Humans Should Rank Higher Than Drivers

In North American cities the disease known as Car Brain infected urban planners and today we are dealing with the side effects. Cars have been purposefully prioritized over other forms of transportation from walking to gondolas to the point that some people think they “need” cars. What we ought to do in the 21st century is bring rational thinking into urban planning by gibing space to sustainable, future proof forms of urban transportation solutions. For now we need to change the conversation to be about people moving instead of car moving.

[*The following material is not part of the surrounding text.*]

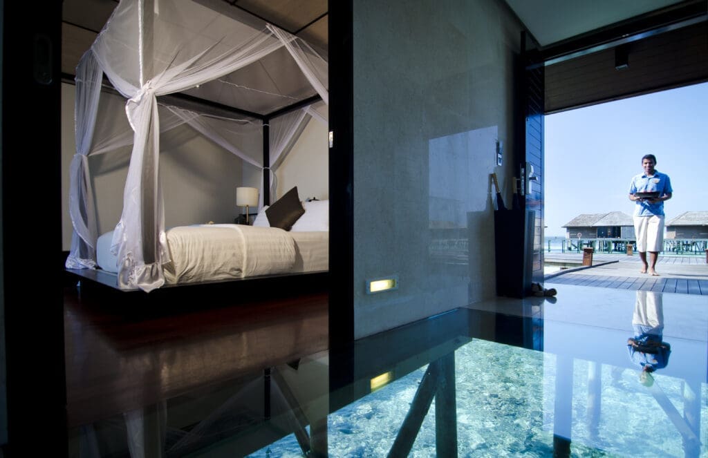 度假村內共有120間別墅,9種房型滿足不同旅行的貴賓。沙灘別墅被翠綠所環抱著,擁有現代清新設計與豪華設施;踏進水上別墅,即可見巨大玻璃地板,將海底美景盡收眼底,另也有親子共遊首選的家庭別墅。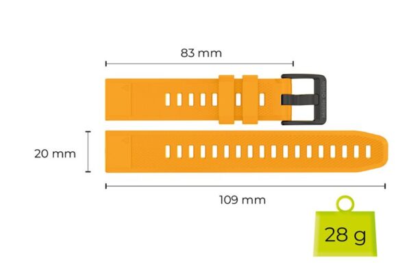 A sporty and durable strap designed specifically for Garmin watches with the Quick Fit attachment system. Made of high-quality silicone that ensures comfort during all-day wear and demanding training. The universal length adjustment is suitable for wrists with a circumference of 170 to 240 mm.

In theory, creating alternatives to driving is a win–win situation. The number of cars on the road increases each year, creating more traffic and pollution. Building more lanes for vehicles only makes things worse, while investing in transit and dedicated infrastructure for bicycles improves safety and reduces congestion. Driving makes people miserable, exacerbates climate change, and causes thousands of preventable injuries and deaths each year. While witty replies were piling up under Bennett’s tweet, three people were hit by a car in the Downtown Eastside; days later, a woman was struck at an east Vancouver crosswalk and was critically injured.

The case for modifying roads to encourage other modes of transport makes itself. We should all want fewer cars on the road as well as alternatives to spending hours of our lives (around 144 hours, or six days, each year, according to recent data from TomTom) inching through rush-hour traffic. So why don’t we? Because infrastructure, of all things, elicits not rational responses but deeply emotional ones. Changing our roads, even slightly, feels like an exhortation to change ourselves, because how we get around says a lot about who we think we are.